Wednesday, October 16, 2013

Writing, Revising, and Startitis

A tiny preview of something in my book.
"Startitis" happens for a reason. Casting on a project is way more fun than sewing on buttons or darning in ends, at least for me.

I'm working on the first round of edits for my first book. I say this hoping it will not be my last book. I'm on the stage that feels like choosing buttons. I'm not even to sewing on buttons, yet!

Editing, even though it is so important to good writing, isn't quite as much fun as writing, for me. It takes discipline. You have to love and hate your writing at the same time. Love it enough to spend time reading it carefully. Hate it enough to cut, delete, and change it.

There's a saying in the news business for a hard-nosed editor: "She doesn't mind killing other people's words." (In reality, that phrase is put in a way that is much colder, but I don't want the Google results that might come up if I use the one I know best.)

It is painful to realize that I have written something out in 2 pages what I can re-write in half a page. But, it's exciting to see that half a page when it is finished...and to realize that the half page maybe wouldn't have been possible without the 2-page draft that came before it.

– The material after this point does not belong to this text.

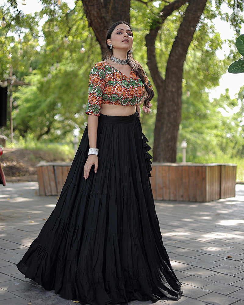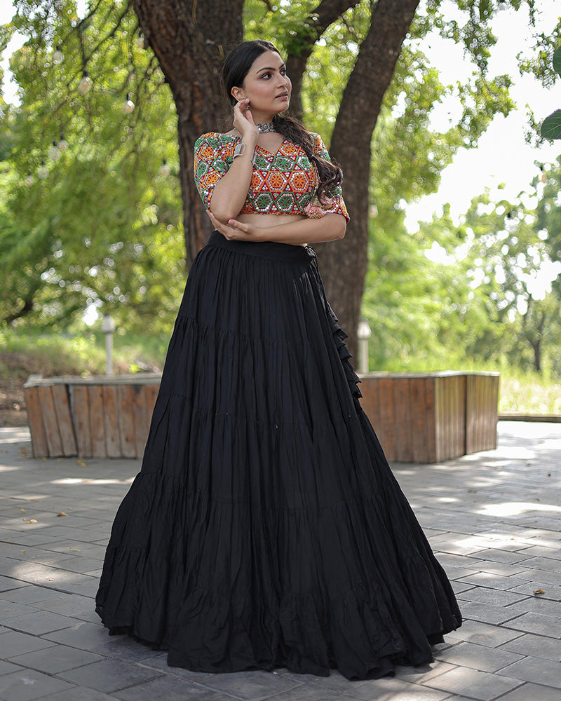 Black Color Rayon Full Flair Navratri Lehenga Choli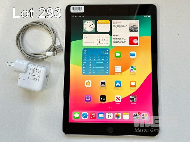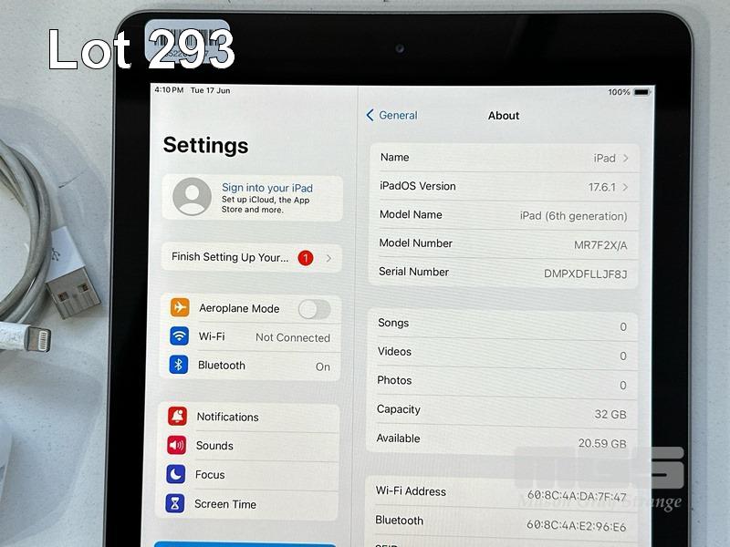 APPLE iPAD 6TH GEN, 32GB, Wi-Fi, SPACE GREY, MODEL MR7F2X/A, A1893 WITH CABLE & CHARGER (NOTE: MINOR SCRATCHES ON SCREEN) S/N:DMPXDFLLJF8J

I felt better about my ambiguous relationship to rewriting when I read A Moveable Feast. There's a section where Hemingway damns Stein's writing with faint praise. He writes about her great affection for writing, and how much she loves turning it out on a daily basis. But. She doesn't edit, rewrite, or even read her proofs for herself.
"This book (The Making of Americans) began magnificently, went on very well for a long way with stretches of great brilliance and then went on endlessly in repetitions that a more conscientious and less lazy writer would have put in the waste basket."
OUCH! I hope no one says something like that about me. I know some of my weaknesses. I tend to hyperbole. I use too many words when fewer will do. I'm trying to fix that, now.